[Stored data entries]
##########
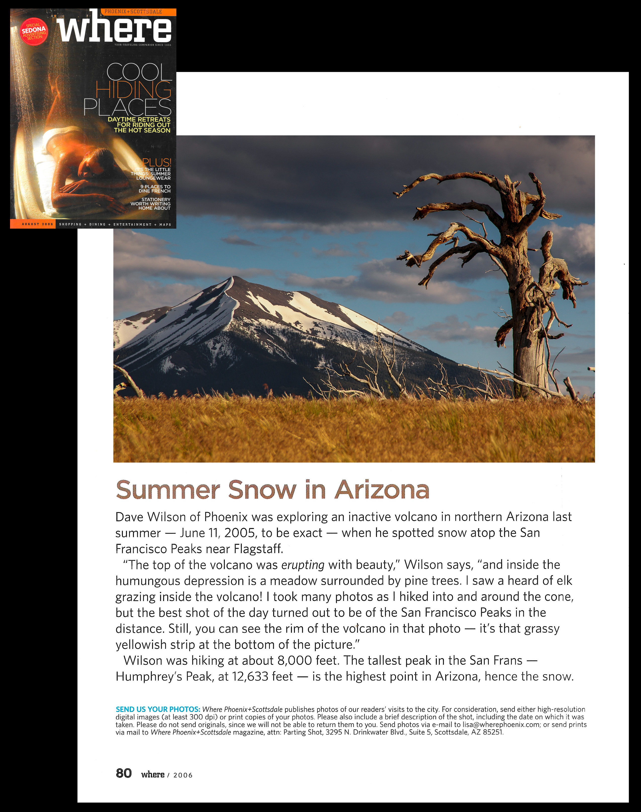 ![]() Ten photos in the October 2025 issue of Images Arizona magazine ![]() Seven-page photo essay on "Quirky Cacti" in the March 2020 issue of Images Arizona ![]() Several photos, including a two-page spread, in Arizona Images magazine ![]() Photo of West Clear Creek on the back cover of the University of Arizona Water Resources Research Center 2022 Annual Report ![]() Photo of the San Francisco Peaks on the cover of the 2023 Coconino County Emergency Operations Plan ![]() Green Valley News Sept. 4, 2010 |
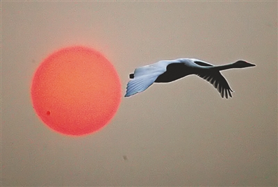 1月4日,山西平陆,一只白天鹅在黄河湿地上空飞翔。近日,随着湿地气温的不断回升,来山西平陆黄河湿地越冬的天鹅不断增加,数量达到近万只,是历年同期最多的一年。
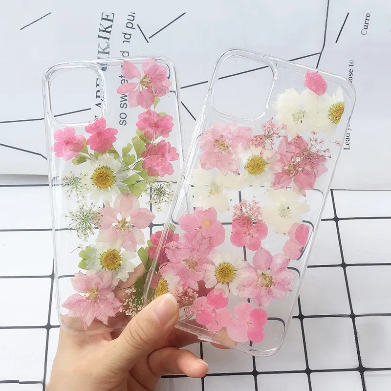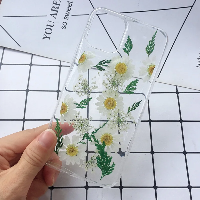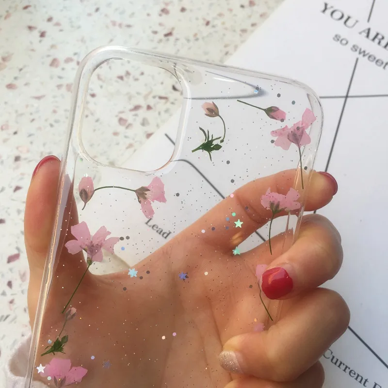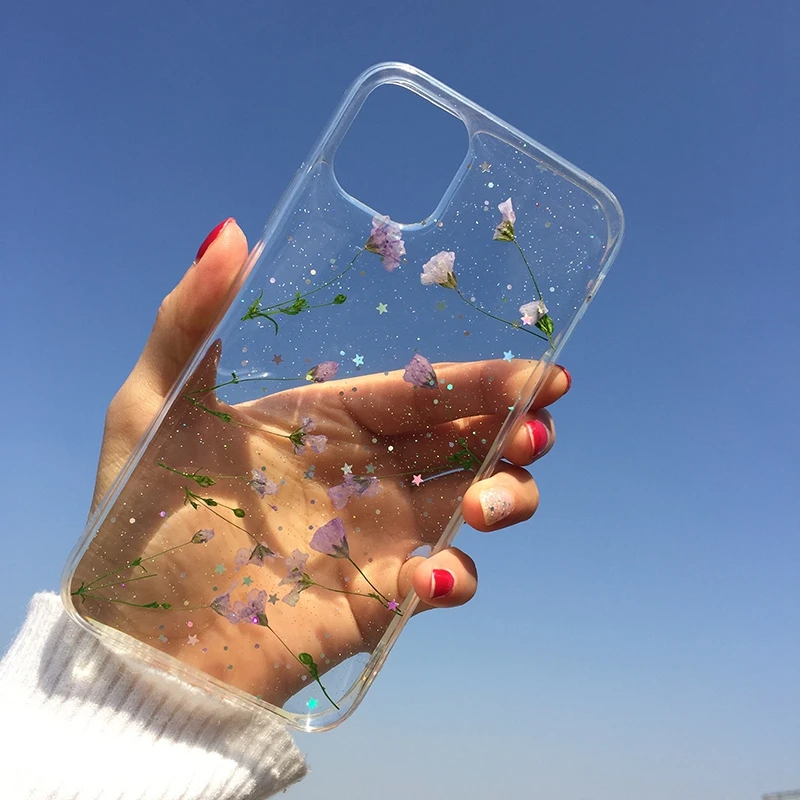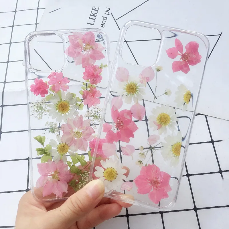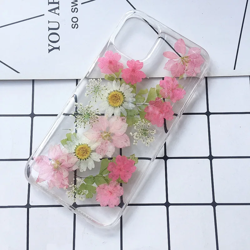 Very beautiful case with real flowers, I have a bit of a flower outside the gel and can be seen, that he was real. The edges are slightly rough, somewhere not
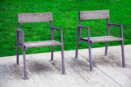 Wooden chairs in the park on a white wooden floor with green grass
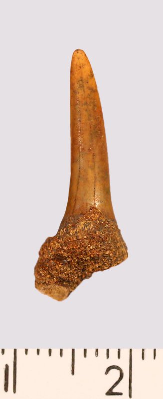 Зуб. Акула. Scapanorhynchus gigas Woodward 1889. Классификация: Хордовые Chordata, Позвоночные Vertebrata, Хрящевые рыбы Chondrichthyes, Пластиножаберные Elasmobranchii
##########
Your objective: In the records above, find the line containing "Very beautiful case", then please restate it and each line after it word for word, pictures excluded.

Task response:
 Very beautiful case with real flowers, I have a bit of a flower outside the gel and can be seen, that he was real. The edges are slightly rough, somewhere not
 Wooden chairs in the park on a white wooden floor with green grass
 Зуб. Акула. Scapanorhynchus gigas Woodward 1889. Классификация: Хордовые Chordata, Позвоночные Vertebrata, Хрящевые рыбы Chondrichthyes, Пластиножаберные Elasmobranchii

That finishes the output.